Stay Puft Marshmallow Man said:

oi gevalt! that marriage amendment passed and now yous guys have had a taste of Power, huh?

here's the backfire senerio to this bi-lateral divorce law:

Wife tells Husband, "I want a divorce" H. says, "Nothin' Doin'" W. says, "Fine, I'm leaving you!" Then she moves to Cali and shacks up with Mr. X. and they start poppin' out bastard kids because back east, H. is refusing to allow a divorce to go through.

People are People, and you know this kind of thing would be happening all the time. "S/HE won't agree to a divorce, so we're separated indefinatly"

talk about meaningless marriage!

and I don't want to heae any more save-the-children bull. What's it going to take for people to realize that one faction's use of 'moral legislation' to impose it's will on the whole society is not what makes America great? Why don't y'all do what Jesus would do and try accepting people as they are for once??

Jack said:

Jesus does not accept everyone as they were. I do believe he told the adulterous woman, "Go, and sin no more."

David said:

Can you say "Nanny State social engineering"? All this nonsense will accomplish is to make marriage even more meaningless than it already is.

A much more constructive approach would be to make it more difficult to get *married*. Doing the hard work of pre-marital education to prevent bad marriages in the first place is obviously a more efficacious long-term approach to our divorce problem.

The problem with that from the perspective of "social conservatives" is that it would require too much honest discussion of what marriage really means (hint: it's not the shallow Bob Marshall concept of genital "complementarity").

Such vulgarities as "insert tab A into slot B" does not a marriage make.

kevin said:

David, you're absolutely right. Getting in on the prevention end is a much better way to go in my opinion. As in pre-marital education.

I kind of agree with everyone. I think both marriage and divorce are too easy to fall into, and consistent with the effort to "strengthen the family" it seems like a worthwhile PR endeavor for the Family Foundation.

It totally falls short, however, because the crisis of the family in America is a crisis brought on by deteriorating values: People just don't value families as highly as they should. They value other stuff, and the children suffer.

What's interesting is the crisis is just as pervasive within the "Christian community" as without. What does that say about the Church or churches?

What is says to me is a person can put on the trappings of religion just like donning a uniform. How much faith still exists within the Christian community?

I view this problem similar to the way I view the abortion issue. The state can do some things in terms of putting the brakes on the process and distributing information, but the problem will only be solved via widespread education. People have to want the right things; if they don't, there is only so much the state can achieve.

The state does a reasonably good job locking up murderers and such; it has a much spottier record at making people less stupid and selfish.

Charles Author Profile Page said:

You can't fix everything until you fix something.

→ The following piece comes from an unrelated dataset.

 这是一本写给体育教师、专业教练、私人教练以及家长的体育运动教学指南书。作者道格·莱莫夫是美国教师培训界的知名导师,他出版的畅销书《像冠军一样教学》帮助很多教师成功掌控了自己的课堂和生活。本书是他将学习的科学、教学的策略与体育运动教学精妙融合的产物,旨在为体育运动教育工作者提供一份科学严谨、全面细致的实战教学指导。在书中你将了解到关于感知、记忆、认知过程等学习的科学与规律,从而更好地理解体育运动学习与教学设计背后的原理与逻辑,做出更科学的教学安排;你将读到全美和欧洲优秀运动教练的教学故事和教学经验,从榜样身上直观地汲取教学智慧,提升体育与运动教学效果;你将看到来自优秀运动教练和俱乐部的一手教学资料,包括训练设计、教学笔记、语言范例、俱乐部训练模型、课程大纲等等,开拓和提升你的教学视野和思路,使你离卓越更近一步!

People sign the marriage contract, it's not unreasonable to enforce it.

People DO take actions without regards to their children, and anything we can do to focus again on what is best for the children rather than simply what they want is a good thing.

I guess the devil's in the details though.

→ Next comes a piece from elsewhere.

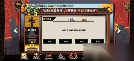 无悔华夏寻音之旅第三篇章的答案是什么?最新的寻音之旅答题已经更新,今天是第三篇章的题目,一共五个问题的答案233乐园小编全部已经分享在下面,玩家可以参考小编带来的攻略,了解清楚寻音之旅第三篇章的过关方法。 无悔华夏寻音之旅第三篇答案大全 五道题答案分别为:①箜篌、②葫芦丝、③鼍鼓、④春江花月夜、⑤唢呐

But it is clear that too many people are taking children for granted, or subordinating children to their own wants and desires.

And yes, I generally include in this list people who purposely and willfully bring children into the world with the intent of denying them knowledge, or the input, of their biological parent or parents.

Sure, children are fun, but so is a dog, and maybe those who just want something around the house should stick to 4-legged creatures.

Harold said:

It is time to move on. Find something else to be outraged by. The Iraq war is a good place to start. Bush and Cheney’s abuse of power is a reason to be appalled. Darfur? Right up there.